Love & Death in Modern German Literature
This module will be available in 2012-13
About this Module
This module provides an introduction to the problem of death and mortality in a secular culture and the compensatory role that (mainly erotic) love comes to play in the absence of belief in an afterlife in the modern condition. The module introduces you to major authors in literature, film and thought from the Enlightenment to Modernism. You will develop a sophisticated knowledge of the religious tradition and secular modern reflection thereon, both in general terms and in terms of the particular German traditions. Short texts (thought, lyrics and novellas) will be studied by authors including Ariès, Dollimore and Freud, also Lessing, Schiller, Goethe, Novalis, Clemens Brentano, E.T.,A. Hoffmann, Keller, Hofmannsthal and Kafka, also Bram Stoker and the films of Murnau, Neil Jordan, Coppola and others. The canon may vary according to student wishes.
Teaching and Learning
NB: the course will be taught as a 'Short fat module' in Terms 2 and 3 of 2012-13.

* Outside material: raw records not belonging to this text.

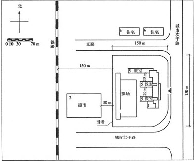 (1)小学选址不当,紧靠城市干道,且距铁路线太近。
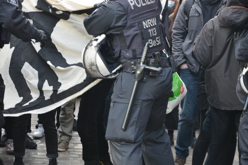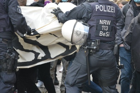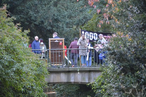 Um 15:30 zogen die Fundis durch die Innenstadt los, skandierende Gegendemonstrant*innen gingen mit. Außerdem kam es dort zu Sitzblockaden.
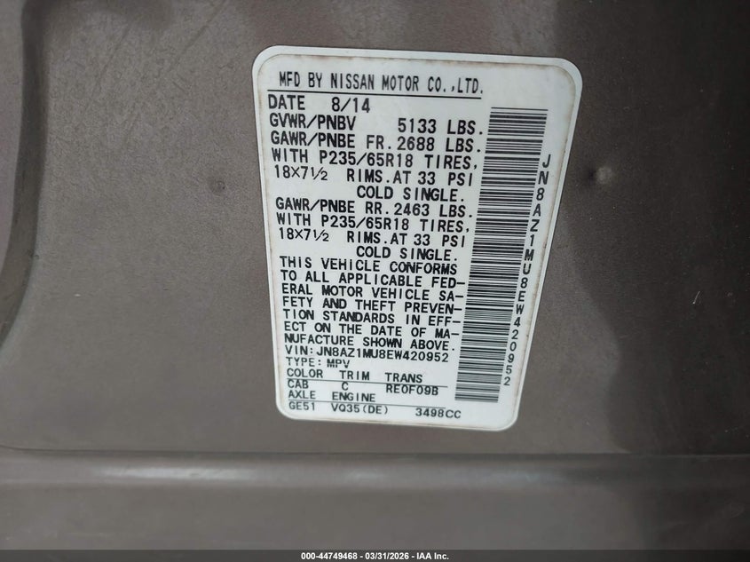 • JN8AZ1MU8EW420952
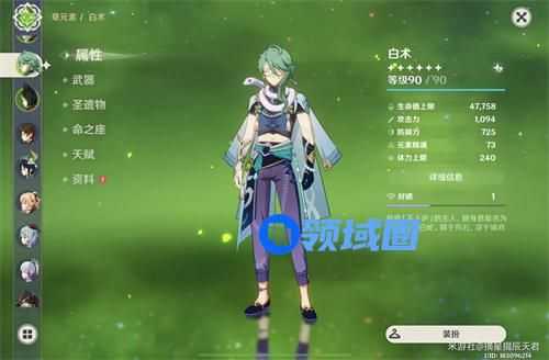 2、白术由于是辅助奶妈角色,所以白术是吃生命值加成,不吃精通加成,而且白术一般也是双草队伍,所以精通完全不需要自己堆。

It will consist of seminars structured around student presentations, and will involve bi-weekly plenary sessions and a weekly seminar. The module will be taught primarily in German and assessed in German. Preparation of presentations, a weekly programme of reading, and participation in seminars will encourage you to broaden their knowledge base and improve your skills of analysis, argumentation, interpretation, team work and presentation. Attendance will be monitored in all teaching sessions. This module will be capped at 30.
Summative Assessment
- 1500-word commentary in German (25%)
- 3,500-word commentary/essay in German (75%)
Recommended Texts
The module Reader includes texts for the first half of the seminar: brief extracts from Lessing's Wie die Alten den Tod gebildet and Laocoön, Schiller, 'Die Götter Griechenlands', Goethe, Werther and 'Die Braut von Korinth', Novalis, Hymnen an die Nacht and 'Hymne', Zacharias Werner, 'Wer schleicht mit der Fackel', and Clemens Brentano, 'Lore lay'. Students should obtain this and read it before the seminar begins.
Students should purchase texts for the second half of the seminar, Stoker's Dracula, Keller's 'Regine' (from Das Sinngedicht), Hofmannsthal's 'Märchen der 672. Nacht', and Kafka's 'Der Jäger Gracchus'/'Im Hafen'.